1. Field of the Invention
The present invention relates to substrates having thereon a patterned small molecule organic semiconductor layer. The invention also relates to a method and a system for the production of such substrates having patterned small molecule organic semiconductor layers thereon. The patterned small molecule organic semiconductor layer is formed by the thermal transfer of a small molecule organic semiconductor or its precursor from a donor substrate to an acceptor substrate. More particularly the present invention relates to a substrate having thereon a patterned pentacene semiconductor layer.
2. Description of the Prior Art
The concept of transfer printing of inks and various metals is one that has been known for some time. The general idea involves a substance adhering or affixed to a first surface to be transferred to a second surface with or without direct physical contact between the two surfaces. This type of transfer is well known in non-impact printing of text and also used for transfer of various metals from a first surface to a second surface, usually by way of local pulsed heating of the donor surface. The present invention utilizes preferably a flexible substrate or ribbon or other donor substrates (not necessarily flexible) which contain a small molecule organic semiconducting compound or its precursor that can be locally heated resulting in a transfer, likely by sublimation, of the small molecule organic semiconducting or precursor material from the donor surface resulting in adhesion of the organic semiconductor onto a second or acceptor surface. The transfer of material can be used to define a localized pattern on the acceptor substrate, for example a material that can be used to create a component of a semiconducting device. When the heating method utilizes a focused laser beam, either incident on the semiconducting material or precursor of a small molecule semiconductor such as pentacene, a very narrow and well defined transfer can be achieved to define a part of a semiconducting device, for example the channel of a field effect transistor (FET) or various other semiconducting devices.
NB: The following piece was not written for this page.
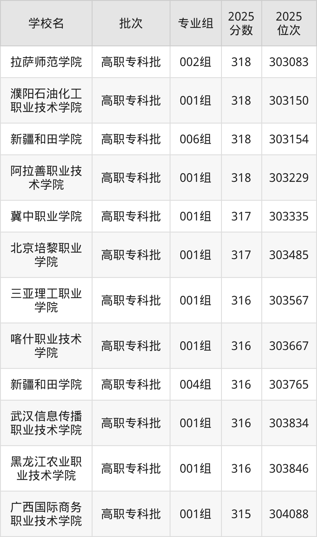 2025年安徽高考物理类316分(303559名~303894名)能上的大学有黑龙江农业职业技术学院001组、喀什职业技术学院001组、三亚理工职业学院001组、武汉信息传播职业技术学院001组等。

Non-impact transfer printing has been used for a variety of applications for a number of years. This form of printing can be divided into two categories; first, one in which there is no contact between the first surface of the donor substrate from which material is transferred and the first surface receiving the material; and second, one in which the two surfaces are in contact but in which there is no impact to impart the material from the first surface of the donor to the first surface of the acceptor. Examples of these types of material transfers are well known in the literature. The transfer of material from a donor surface to an acceptor surface where the acceptor surface may have been previously chemically treated to cause a chemical reaction with the transferred material has been described extensively. For example, ink jet type printers for printing semiconductors and other components of semiconductor devices have been known for some time and are described again most recently in U.S. 2002/0053320 A1.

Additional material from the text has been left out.